As opiniões multiplicaram-se. Mais uma. Se os Seahawks tivessem corrido com a bola, Bill Bellichick teria deixado que o touchdown fosse marcado, para ainda ficar com algum tempo para que Brady conseguisse levar a equipa a field goal range. É um argumento altamente especulativo e assente apenas no que aconteceu no último Super Bowl disputado pelos Patriots, contra os Giants, em que Ahmad Bradshaw pode correr livremente para a end zone, sem oposição. Mas as situações são diferentes, e pela análise da box, pode ser interpretado que, nesta jogada, os Patriots previam uma corrida, com 8 defensive linemen e linebackers, contra apenas 3 cornerbacks (Revis, Browner e Butler), que marcavam o set de 3 wide receivers dos Seahawks. Com sete defensores na linha de scrimmage, tornando bem mais difícil uma corrida por uma rota desobstruída, e apenas 4 elementos a patrulharem o perímetro exterior (os 3 cornerbacks e um linebacker), não parece assim tão rebuscado que Carroll e Bevell tivessem optado por uma jogada de passe.
Conclusão
A conclusão? Quanto a mim, aceitável a opção, se bem que, conforme referido mais acima, o uso da slant não fosse o mais indicado, não só como prevenção para um potencial turnover (como veio a acontecer), como por ter uma dose de risco ligeiramente superior a outras jogadas de passe.

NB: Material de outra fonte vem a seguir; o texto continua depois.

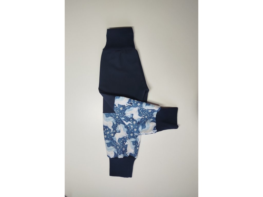 Softshellové nohavice s fleecom jednorožec modrý

Mas, no campo teórico, a jogada foi bem gizada, explorando a man coverage que colocou um undrafted rookie no caminho do receiver. Questionável sim o uso de Ricardo Lockette, nº 3 na depth chart deste jogo que, mesmo assim, teve culpas no cartório, ao não conseguir proteger devidamente a bola, numa jogada de execução simples. Numa decisão que teve que ser tomada em questão de segundos, tudo se resumiu a um braço-de-ferro entre os bancos, cada um deles esperando que o outro usasse um desconto de tempo (os Patriots tinham dois).